Alienation

The urgent screeching of the alarm clock brought Alex back to consciousness at 6:00 AM.  She was in her bed, on the lumpy mattress that needed replacing. She reached over to the old nightstand and turned off the alarm.  Resolving to lay in the comfort of her bed, Alex took in her studio apartment. The gray painted walls bowed in places; and a large print of Warner Sallman’s “Head of Christ” concealed a thick crack in the plaster opposite the bed.  There was a cheap coffee table and an old couch, a bookshelf full of books she hadn’t read, a small refrigerator, an oven, a tv that didn’t work. A line of shoes on the floor. A closet stuffed full of clothes and storage boxes. Her mother’s cedar chest.  After lying awake for what seemed like too much time, she gathered the will to get up.

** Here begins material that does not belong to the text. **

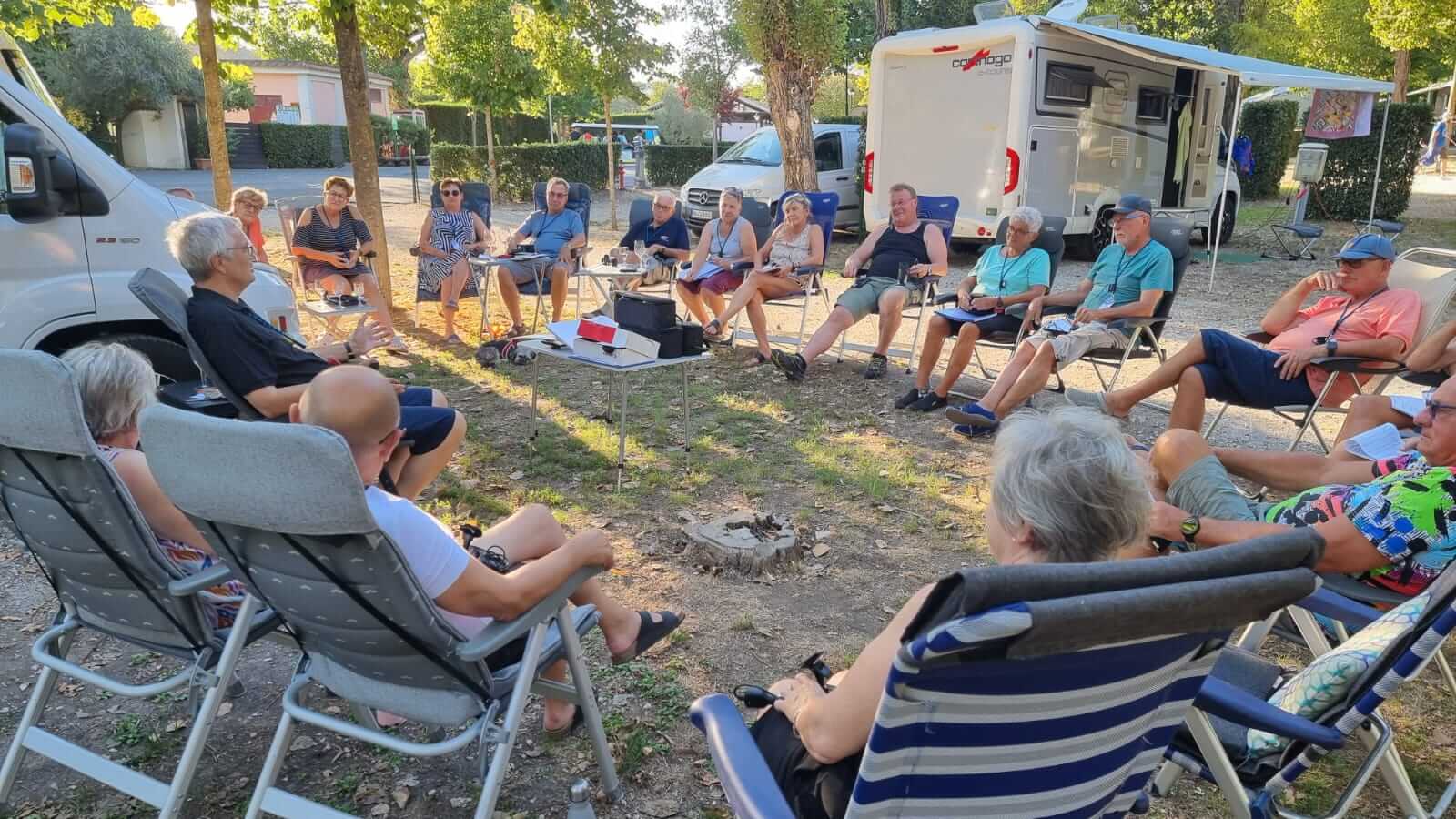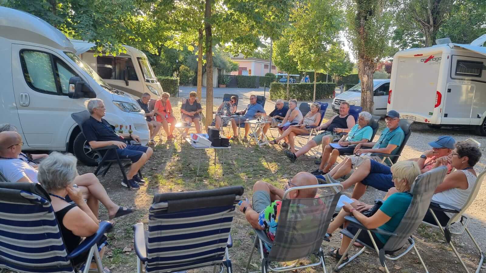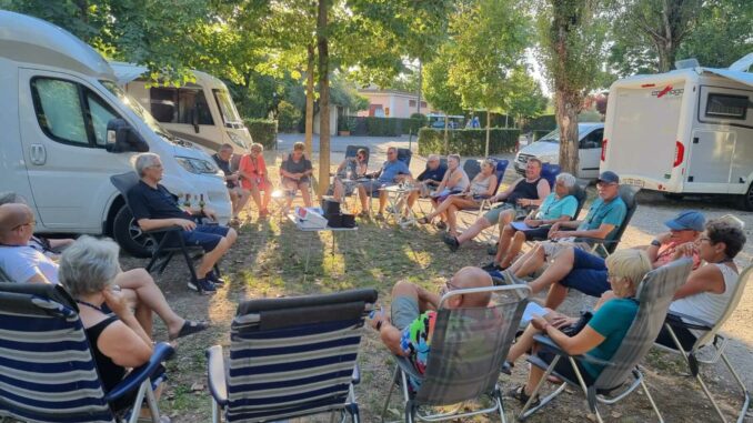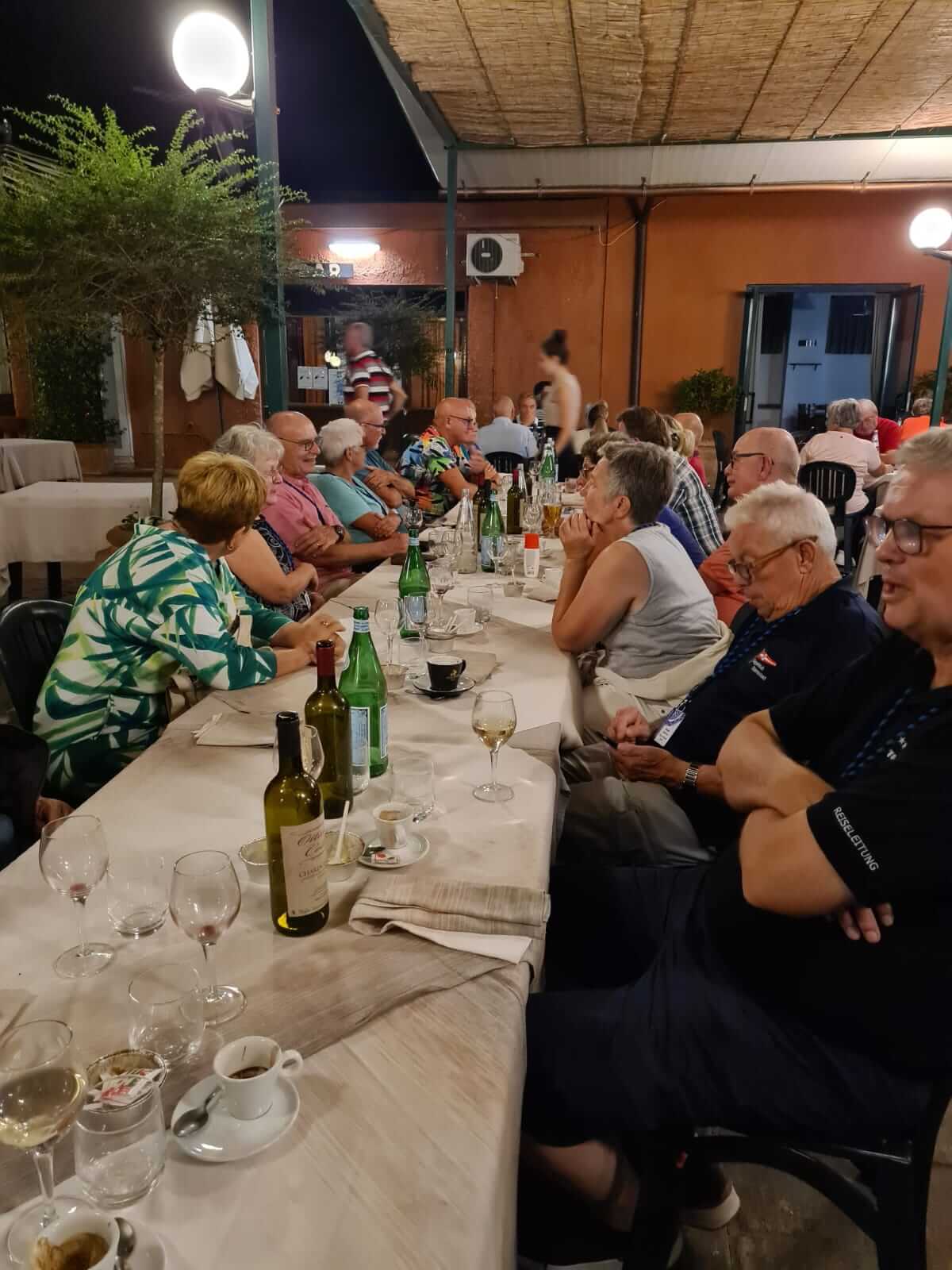 Heute sind die letzten 8 Teilnehmer unserer Gruppe in Rom eingetroffen. Nachmittags kam zum Glück etwas Wind auf und die 30 Grad im Schatten waren hier in Rom besser zu ertragen. Zur Begrüßung gab es einen Schluck Wein, Navis und Geräte für die Führungen wurden verteilt und alles für die Tour Wichtige erklärt. Wir alle 20 (Teilnehmer) sind gut drauf und freuen uns auf die schöne Tour und die vielen Eindrücke. Das folgende Begrüßungsessen war vom Feinsten: zweierlei Vorspeisen, Pasta und dann als Hauptgericht auf offenem Holzfeuer gegrilltes Fleisch mit köstlichen Pommes, zum Abschluss Tiramisu, was will man mehr. Dazu gute Weiß- und Rotweine, Wasser und Espresso. Ein typisch italienisches Abendessen, nachdem wir selig ins Bett gehen konnten. Der Kennenlernabend war ein voller Erfolg!

A dull but serious pain ached through her muscles and bones as soon as she put her weight on her feet, crawling up through her legs to her spine and torso.  She gritted her teeth and walked to the cabinet over the stove. After starting her coffee pot, Alex kicked off her pajamas and proceeded to the shower.

She noticed a new cut on her right forearm, and several tender purple bruises on her hips and legs.  Every morning brought new damage to her body. Bruises, cuts, scrapes, once or twice a missing tooth or fingernail.  She was lucky, though, she was still fit for duty, which meant she could pay her rent. Some people lost limbs or went mad and were turned out of the corporate municipality to die in the wilderness.  What were a few bruises compared to exile and death? Whatever work she did, it kept a roof over her head and food in her belly. Not remembering was probably a blessing.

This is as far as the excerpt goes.